Updated by Junxiao Shi over 9 years ago
This was found by Weiwei Liu.
valgrind report (partial):
==5887== Invalid read of size 8
==5887== at 0x58B6D60: std::_Rb_tree_rebalance_for_erase(std::_Rb_tree_node_base*, std::_Rb_tree_node_base&) (in /usr/lib/x86_64-linux-gnu/libstdc++.so.6.0.19)
==5887== by 0x513D5FA: std::_Rb_tree<ndn::util::scheduler::Scheduler::EventInfo, ndn::util::scheduler::Scheduler::EventInfo, std::_Identity<ndn::util::scheduler::Scheduler::EventInfo>, std::less<ndn::util::scheduler::Scheduler::EventInfo>, std::allocator<ndn::util::scheduler::Scheduler::EventInfo> >::_M_erase_aux(std::_Rb_tree_const_iterator<ndn::util::scheduler::Scheduler::EventInfo>) (stl_tree.h:1745)
==5887== by 0x513C6B4: erase (stl_tree.h:809)
==5887== by 0x513C6B4: erase (stl_multiset.h:538)
==5887== by 0x513C6B4: ndn::util::scheduler::Scheduler::cancelEvent(std::shared_ptr<ndn::util::scheduler::EventIdImpl> const&) (scheduler.cpp:137)
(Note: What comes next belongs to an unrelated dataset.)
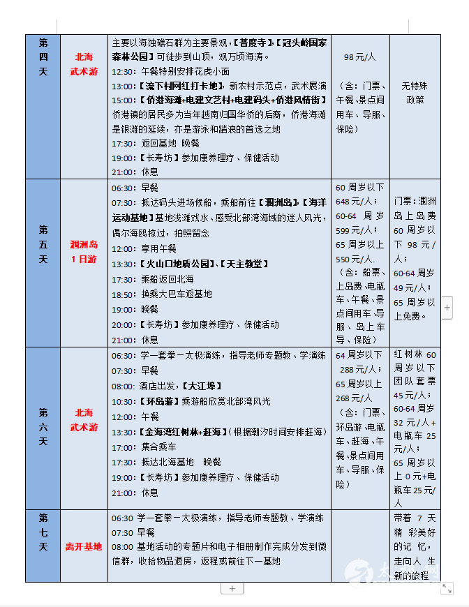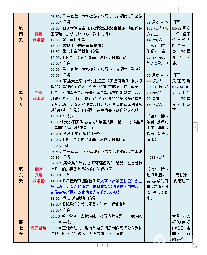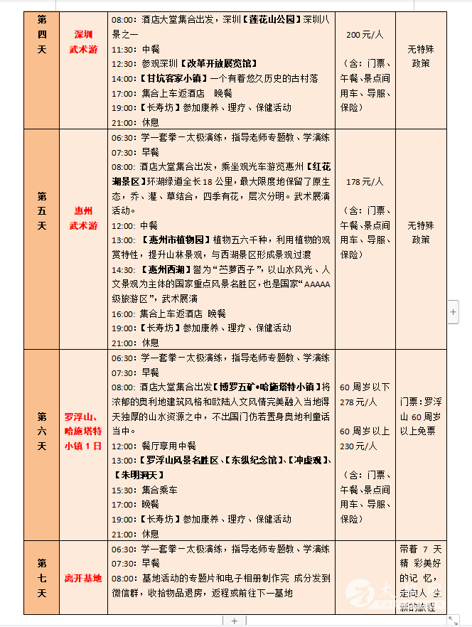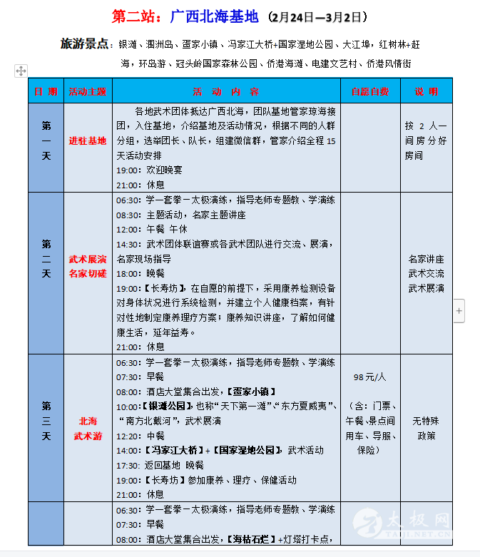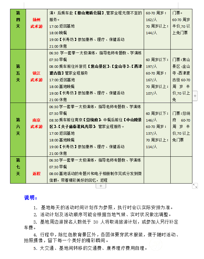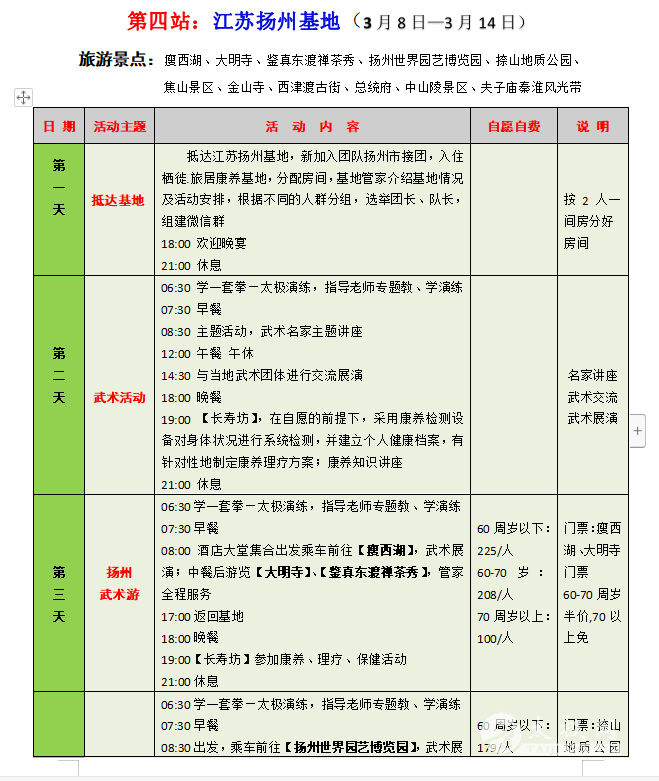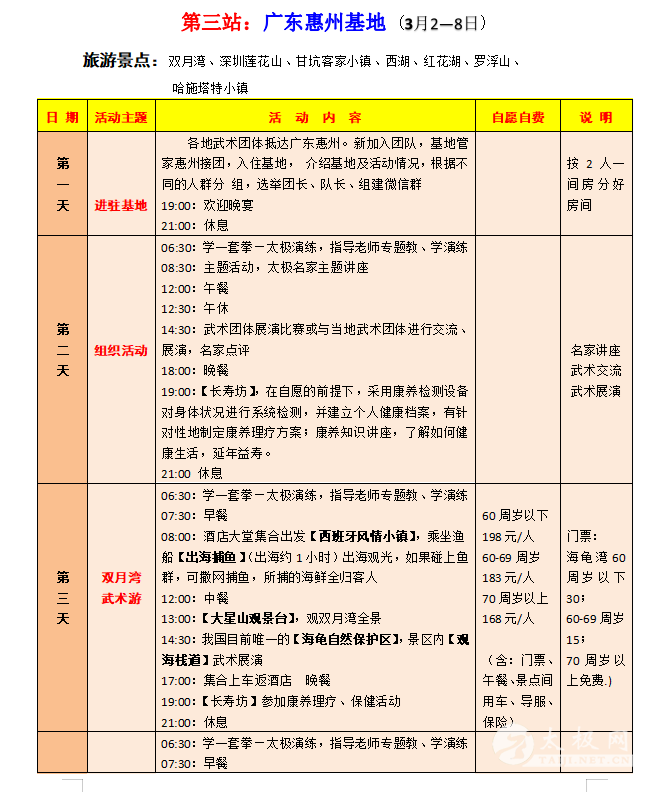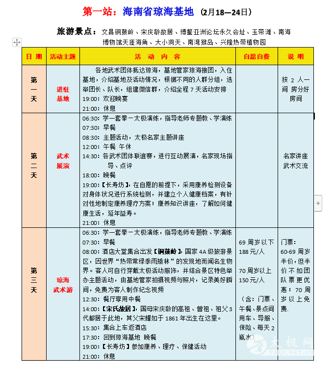 一、活动主题 新春之际,疫散花开,全国武林豪杰们压抑了三年的活动热情迅然爆发!为弘扬中华武术文化,加强各地武术文化交流,太极网与盛世方舟文旅集团合作开展以武术太极拳交流为主题的全国各地拳友组团旅居巡游活动,依托遍布全国的栖徙.旅居康养基地由南向北逐渐展开,第一期2023年2月18日从海南开始,依托海南、北海、广州、扬州四个基地,以“武术表演+比赛联谊+红色旅游+健身康养”为主要内容,在各基地和旅游景区的优美环境中联谊交流,展示武术风采,开启身心康养之旅。 二、活动组织 主办方:太极网 承办方:盛世方舟文旅集团 协办方:海南、广西、广东、江苏等地旅游主管部门、各省(市)武术协会组织、中国异地养老网 接待方:海南、北海、惠州、扬州四个栖徙.旅居康养基地 三、活动时间 2023年2月18日—3月14日,四个基地,每个基地活动7天,全程共25天时间。各地武术团体既可以全程参加,也可以选择参加其中的1-2个基地,随时加入、随时退出,自由灵活。其中: 第一站:海南琼海基地(五星级) 2月18—24日 第二站:广西北海基地(四星级) 2月24—3月2日 第三站:广东惠州基地(四星级) 3月2—8日 第四站:江苏扬州基地(五星级) 3月8日—3月14日 四、活动内容 1.联谊:全国各地武术爱好者齐聚一堂,以武会友,广交朋友。 2.比赛:在基地举行武术友谊赛,颁发奖品和证书,媒体宣传报导。 3.讲座:邀请武术名家,讲授武术技巧和功法,助推武术传承。 4.旅游:在每个基地有3-4天的周边旅游活动计划,参观当地最知名的旅游景区、红色旅游教育基地、博物馆、人文风情、自然风光,轻松慢游。在旅游景区的如画美景中,会员和团队随时拍摄展示武术风采的视频及图片,赋予旅游文艺气息和文化内涵。 5.康养:针对会员不同身体状况,如三高、糖尿病、风湿骨痛、肥胖、各种慢性病等,提供康养理疗设备、功能性食品、民族验方、药膳等,达到明显身体调理效果。 6.民俗体验:深度体验当地民俗文化,参加民俗活动,感受民族风情。 7.视频随拍:武术展演的全程活动都有管家视频随拍,制作成专题纪录片和电子相册,每人赠送一份。 五、我们与众不同—— 以武会友,展演联谊—— 主题活动丰富多彩 高标旅居,精致服务—— 享受旅居幸福时光 品质第一,安心开心—— 坚决避免传统旅游的低价陷阱 天下美景,处处有家—— 全国基地开心巡游,不负精彩人生 六、费用标准 栖徙.旅居康养基地功能齐全、设施高档,北海、惠州是四星级酒店、 海南、扬州是五星级酒店,但费用却很“平民”,正可谓“高星级的服务,农家院的价格”。 海南、扬州基地(五星级):每个基地7天费用 1580元/人 北海、惠州基地(四星级):每个基地7天费用 1360元/人 费用包含:基地所在城市落地接送、管家服务、用餐、比赛奖品、基础保健、主题讲座、活动视频拍摄、保险等,每间房住2人。 七、自愿自费项目 1. 往返大交通、基地间交通:往返大交通可自行解决或由旅居管家协助安排;基地间交通由管家统一安排,费用按人均摊。 2. 旅游:根据各基地每天的旅游计划,自愿选购参加。 3. 康养理疗:结合自身健康状况,自愿选购。 八、活动组委会 顾 问:原福全 原温县体育局局长 主 任:刘洪奇 太极网创始人 副主任:项争鸣 承德市武术协会主席,马虹弟子 苏 郁 承德市武术协会副主席 王臻舟 承德市武术协会副主席,盛世方舟文旅集团董事长 秦开众 中国异地养老网创始人 九、活动组委会报名咨询电话 赵金慧:13363141623 李栋俊:15725272871 2023栖徙旅居·太极文旅康养活动安排详情表: |

==5887== by 0x513C0CD: ndn::util::scheduler::ScopedEventId::cancel() (scheduler-scoped-event-id.cpp:63)
==5887== by 0x405B26: main (in /home/vagrant/x)
==5887== Address 0x9ad4860 is 16 bytes inside a block of size 88 free'd
==5887== at 0x4C2C2BC: operator delete(void*) (in /usr/lib/valgrind/vgpreload_memcheck-amd64-linux.so)
==5887== by 0x408BBB: __gnu_cxx::new_allocator<std::_Rb_tree_node<ndn::util::scheduler::Scheduler::EventInfo> >::deallocate(std::_Rb_tree_node<ndn::util::scheduler::Scheduler::EventInfo>*, unsigned long) (in /home/vagrant/x)
==5887== by 0x408AF5: std::_Rb_tree<ndn::util::scheduler::Scheduler::EventInfo, ndn::util::scheduler::Scheduler::EventInfo, std::_Identity<ndn::util::scheduler::Scheduler::EventInfo>, std::less<ndn::util::scheduler::Scheduler::EventInfo>, std::allocator<ndn::util::scheduler::Scheduler::EventInfo> >::_M_put_node(std::_Rb_tree_node<ndn::util::scheduler::Scheduler::EventInfo>*) (in /home/vagrant/x)
==5887== by 0x4089E9: std::_Rb_tree<ndn::util::scheduler::Scheduler::EventInfo, ndn::util::scheduler::Scheduler::EventInfo, std::_Identity<ndn::util::scheduler::Scheduler::EventInfo>, std::less<ndn::util::scheduler::Scheduler::EventInfo>, std::allocator<ndn::util::scheduler::Scheduler::EventInfo> >::_M_destroy_node(std::_Rb_tree_node<ndn::util::scheduler::Scheduler::EventInfo>*) (in /home/vagrant/x)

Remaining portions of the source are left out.